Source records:
════════════════════

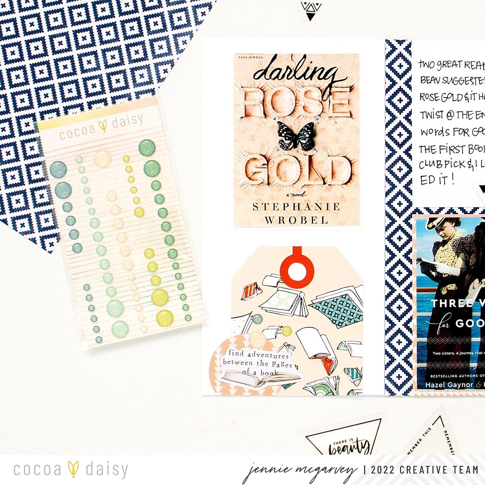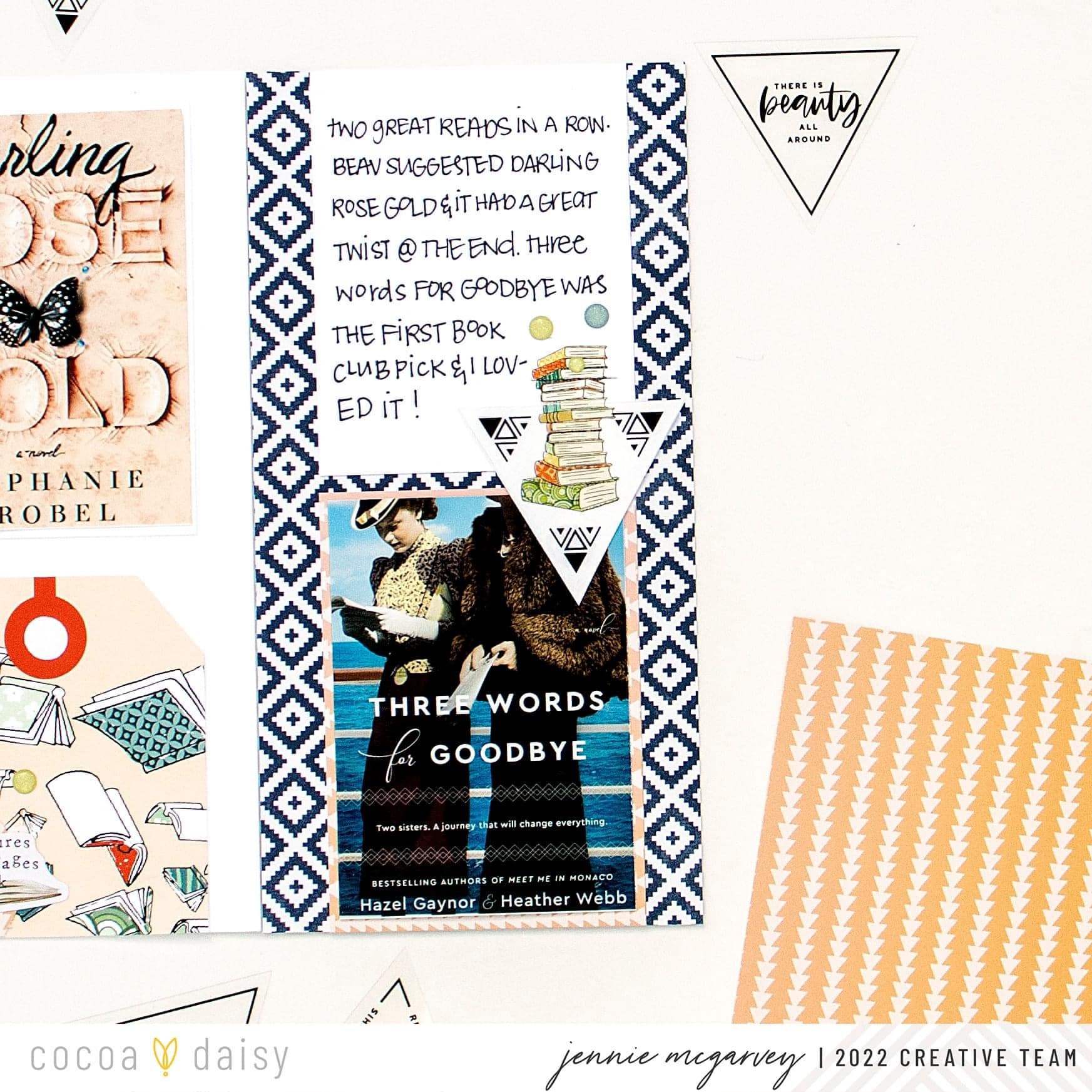My reading journal is a plain standard size traveler’s notebook insert. I have a lot of these in my stash AND I really love creating this size layout. So this seemed natural. For this layout, I used both the Cactus Moon Collection, but also mixed in some elements from the My Escape Collection, as well. They went together nicely I think. I kept this pretty simple beyond the photos of the covers and some documenting of my thoughts. Watch me work in this process video below.
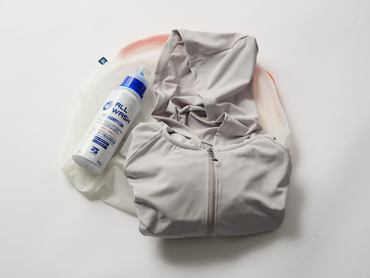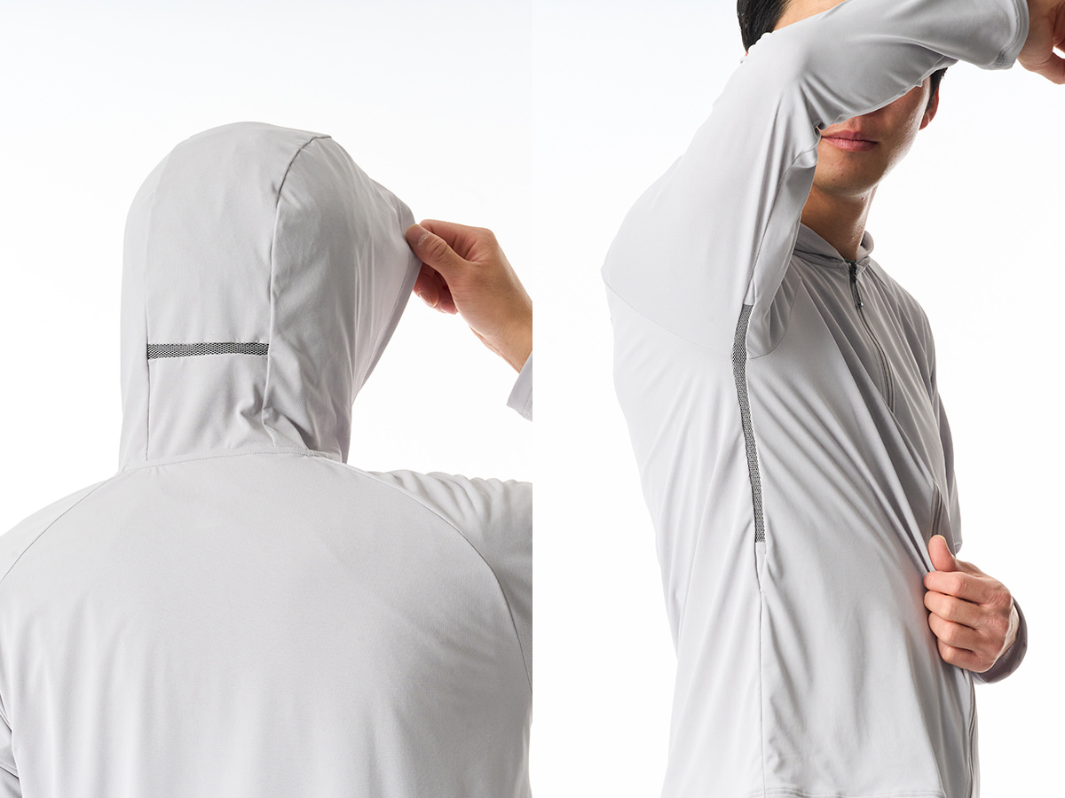 さらに脇下とフード裏には通気メッシュを配置。衣服内の熱気を外へ逃がし、風の通り道をつくることで蒸れを軽減する。
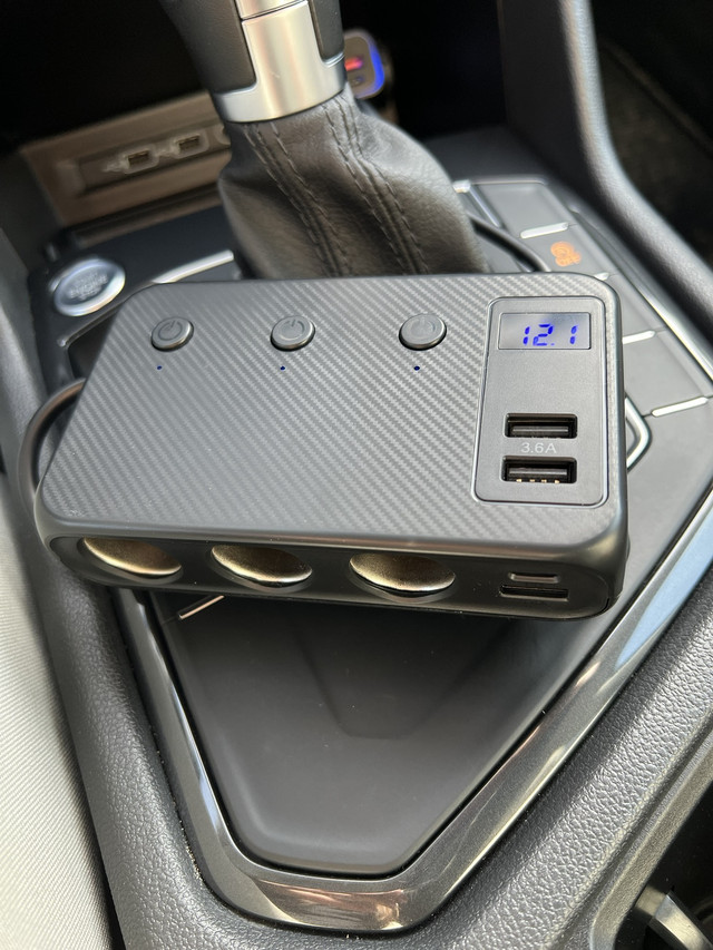 - Три гнізда типу "прикурювач" з індивідуальними (механічними) кнопками вмикання/вимикання кожного гнізда та світлодіодними індикаторами для кожного гнізда
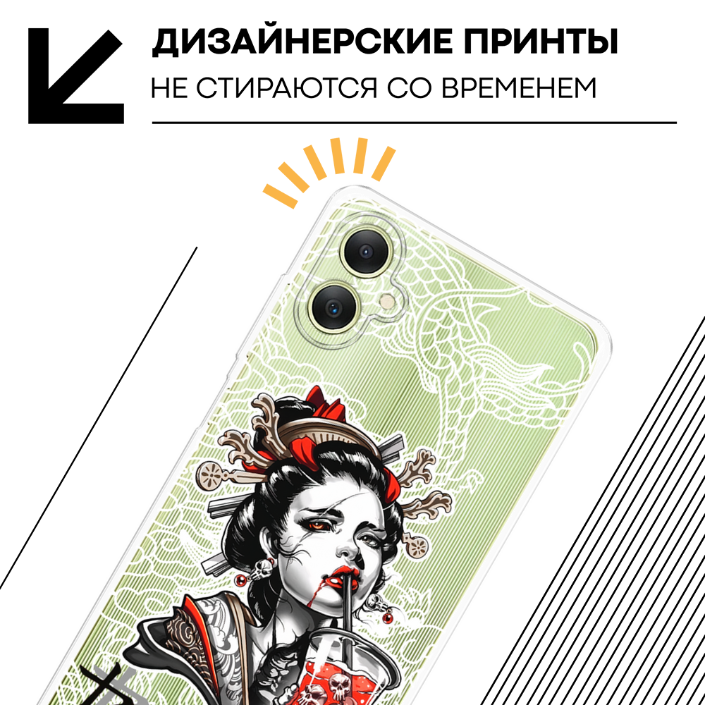 10 цен на Чехол на Samsung Galaxy A06 / Самсунг Галакси А06 с принтом Гейша с напитком, прозрачный
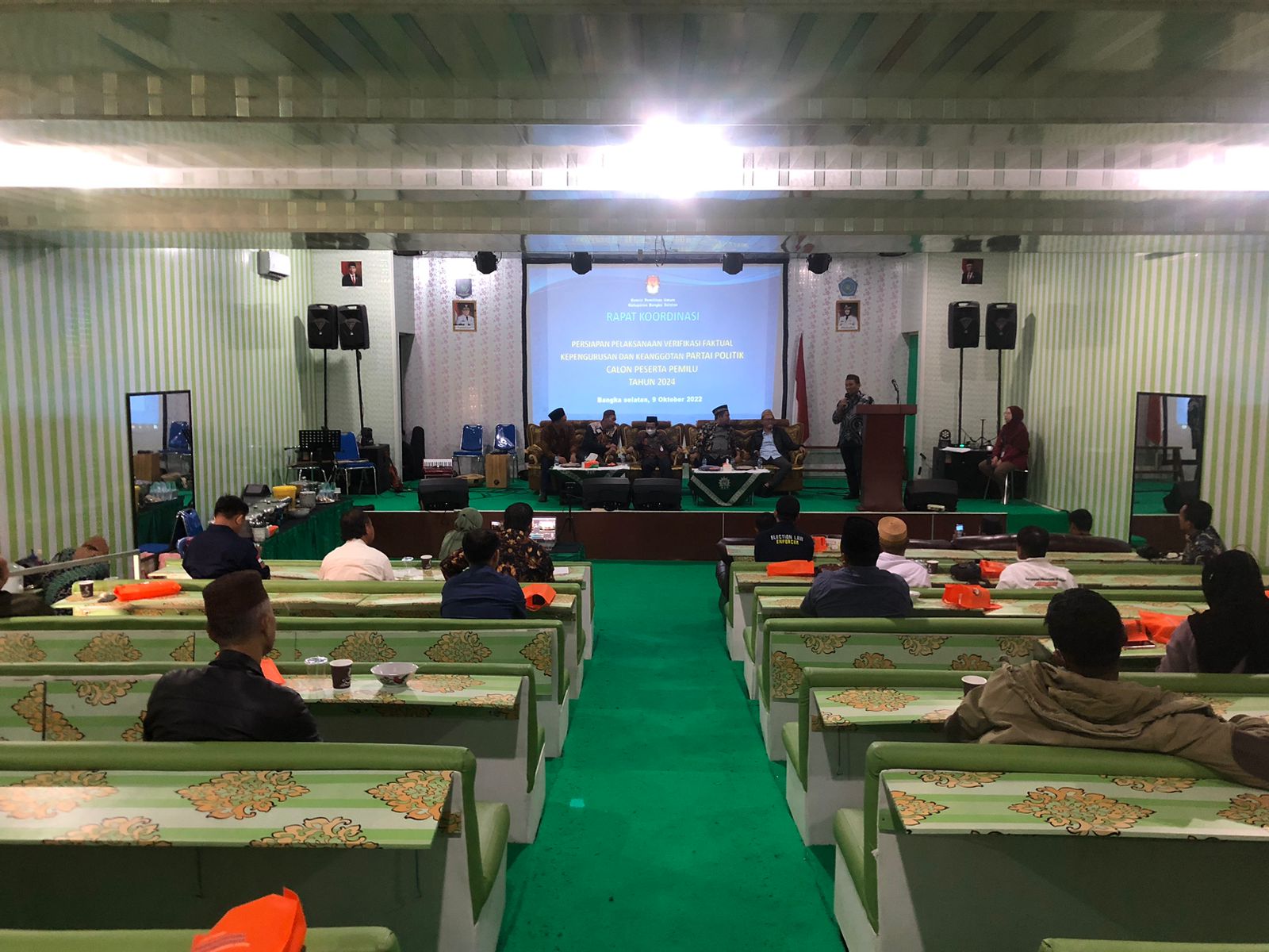 Toboalu - Bawaslu Kabupaten Bangka Selatan menghadiri undangan rapat koordinasi verifikasi faktual kepengurusan, kantor, dan keanggotaan partai politik calon peserta pemilu tahun 2024 yang dilaksanakan oleh KPU Kabupaten Bangka Selatan di Gedung Seni SMA Muhamadiyah Toboali. Minggu (9/10/2022)
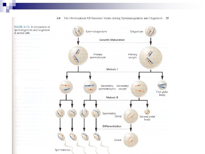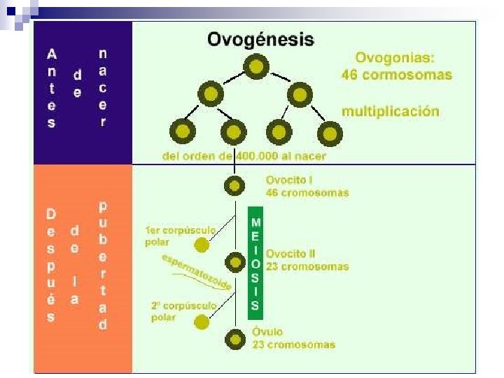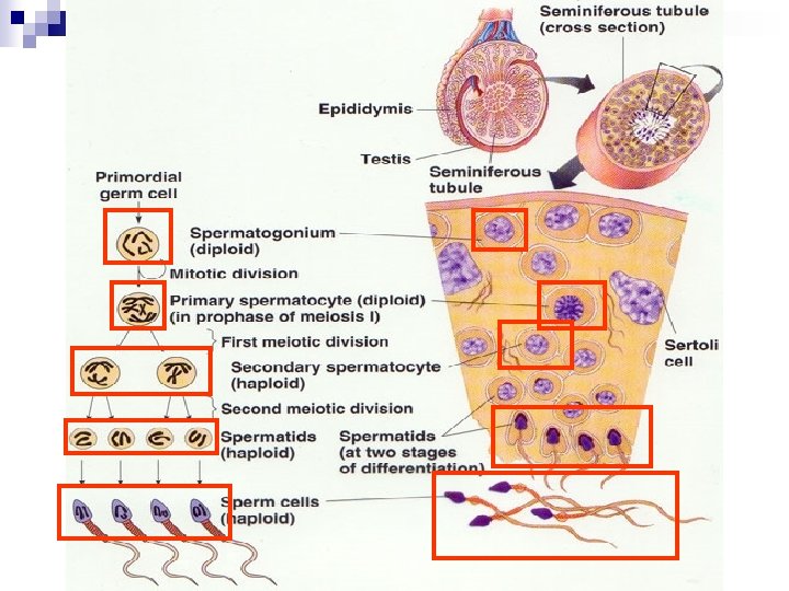 Espermatogénesis n En los humanos comienza en la pubertad. n Ocurre en los testículos. n Los espermatogonios (células germinales premeióticas inmaduras) proliferan a través de mitosis, se diferencian y forman los espermatocitos primarios.
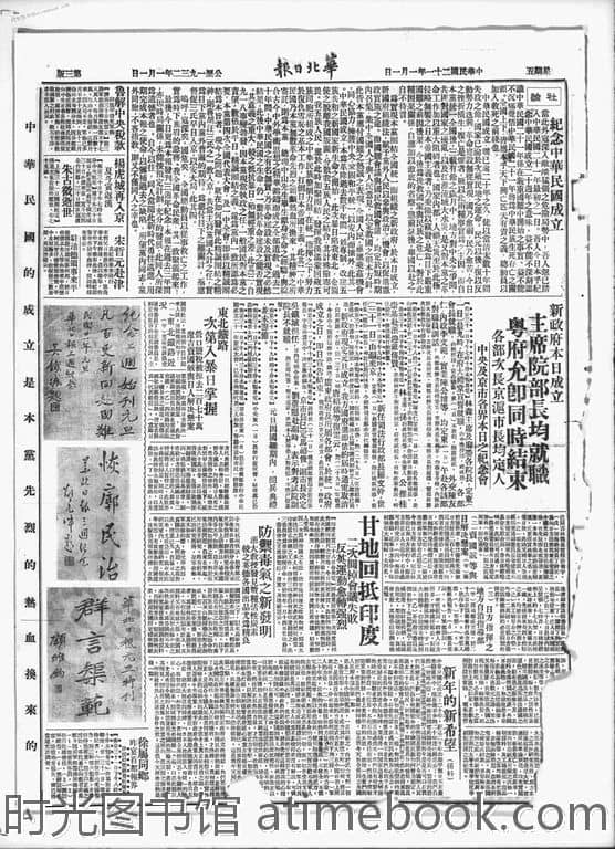 | 网盘路径:/时光图书馆珍藏系列/书籍文件/老报纸/北京/《华北日报》(北京)1929-1949/《华北日报》北京1932年影印版合集.db | ||
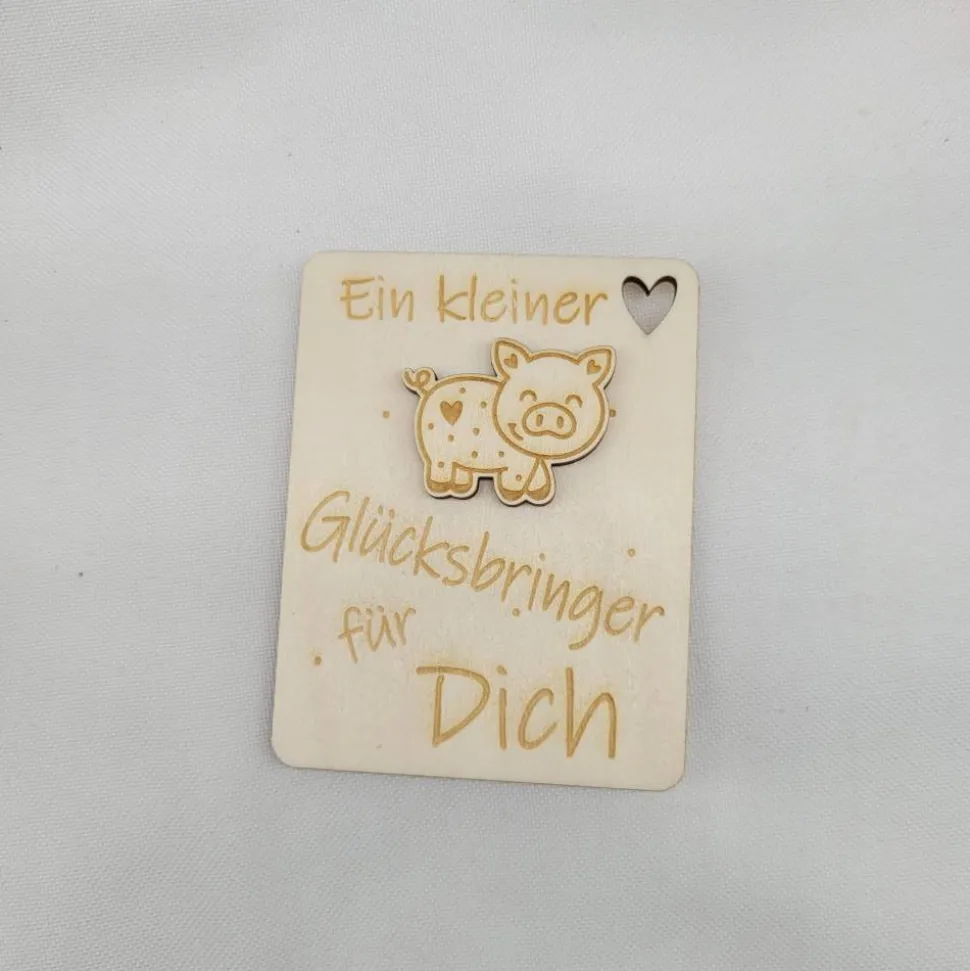 Verschenken sie Ihre Neujahrsgrüße und Glücksmomente mit der Süßen Holzkarte „Glücksbringer“.

════════════════════

What is being asked: Without the pictures, reproduce every line of the records above exactly.

Written reply:
My reading journal is a plain standard size traveler’s notebook insert. I have a lot of these in my stash AND I really love creating this size layout. So this seemed natural. For this layout, I used both the Cactus Moon Collection, but also mixed in some elements from the My Escape Collection, as well. They went together nicely I think. I kept this pretty simple beyond the photos of the covers and some documenting of my thoughts. Watch me work in this process video below.
 さらに脇下とフード裏には通気メッシュを配置。衣服内の熱気を外へ逃がし、風の通り道をつくることで蒸れを軽減する。
 - Три гнізда типу "прикурювач" з індивідуальними (механічними) кнопками вмикання/вимикання кожного гнізда та світлодіодними індикаторами для кожного гнізда
 10 цен на Чехол на Samsung Galaxy A06 / Самсунг Галакси А06 с принтом Гейша с напитком, прозрачный
 Toboalu - Bawaslu Kabupaten Bangka Selatan menghadiri undangan rapat koordinasi verifikasi faktual kepengurusan, kantor, dan keanggotaan partai politik calon peserta pemilu tahun 2024 yang dilaksanakan oleh KPU Kabupaten Bangka Selatan di Gedung Seni SMA Muhamadiyah Toboali. Minggu (9/10/2022)
 Espermatogénesis n En los humanos comienza en la pubertad. n Ocurre en los testículos. n Los espermatogonios (células germinales premeióticas inmaduras) proliferan a través de mitosis, se diferencian y forman los espermatocitos primarios.
 | 网盘路径:/时光图书馆珍藏系列/书籍文件/老报纸/北京/《华北日报》(北京)1929-1949/《华北日报》北京1932年影印版合集.db | ||
 Verschenken sie Ihre Neujahrsgrüße und Glücksmomente mit der Süßen Holzkarte „Glücksbringer“.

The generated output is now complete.